Innovation and R&D Innovation is a clear centerpiece of the strategy. The company has built a broad portfolio around advanced packaging, including thermo‑compression bonding platforms for high‑performance and AI chips, mini and micro LED placement solutions, and modern wire‑bonding and power‑device tools.
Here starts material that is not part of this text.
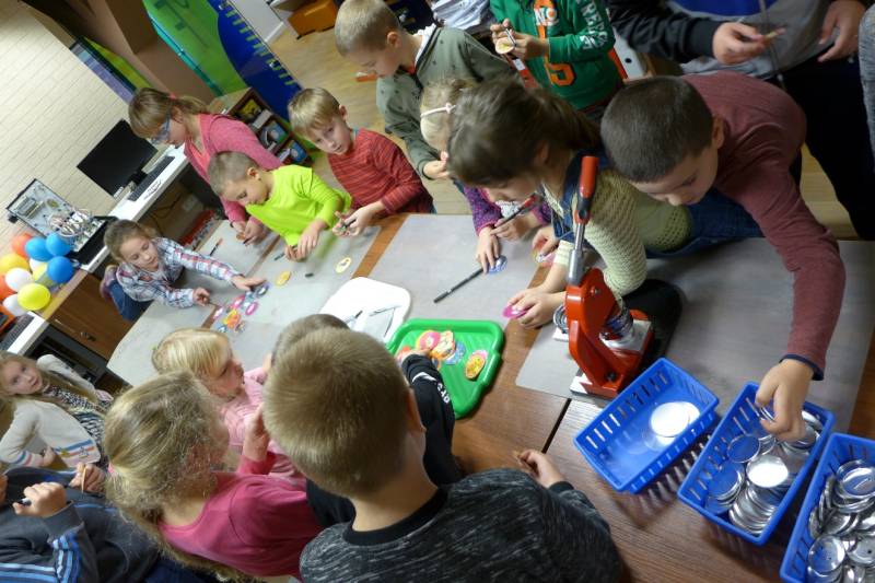 W drugiej części uczestnicy, pod okiem osoby prowadzącej zajęcia mieli okazję samodzielnie wykonywać plakietki „Kocham van Gogha”, korzystając z supermaszynki do składania plakietek.

Strategic acquisitions have added laser‑based die transfer and precision dispensing capabilities, widening its toolkit for next‑generation displays and electronics. Software and factory‑automation offerings further embed KLIC in customers’ workflows. The decision to exit lower‑priority electronics assembly and focus R&D on core semiconductor, advanced packaging, display, and battery‑related solutions underscores a deliberate push toward higher‑growth, higher‑value segments—but also concentrates execution risk in fewer, more advanced technology bets.


Summary

Kulicke & Soffa is a mature semiconductor equipment company navigating a cyclical downturn. Financially, revenue and earnings have fallen sharply from recent highs, even turning slightly negative at the bottom of the cycle, but the firm still generates cash and carries a strong, low‑debt balance sheet. That combination provides staying power. Competitively, it benefits from decades of process know‑how, entrenched customer relationships, and a solid presence in advanced packaging and display technologies. Its innovation agenda—particularly in thermo‑compression bonding, mini/micro LED, power semiconductors, and emerging battery assembly—targets meaningful long‑term industry trends like AI, electrification, and advanced displays. The key question looking ahead is not whether the company is financially sound—it appears to be—but how effectively and how quickly it can convert its technology roadmap and strategic focus into renewed, more stable growth as the semiconductor cycle turns up again.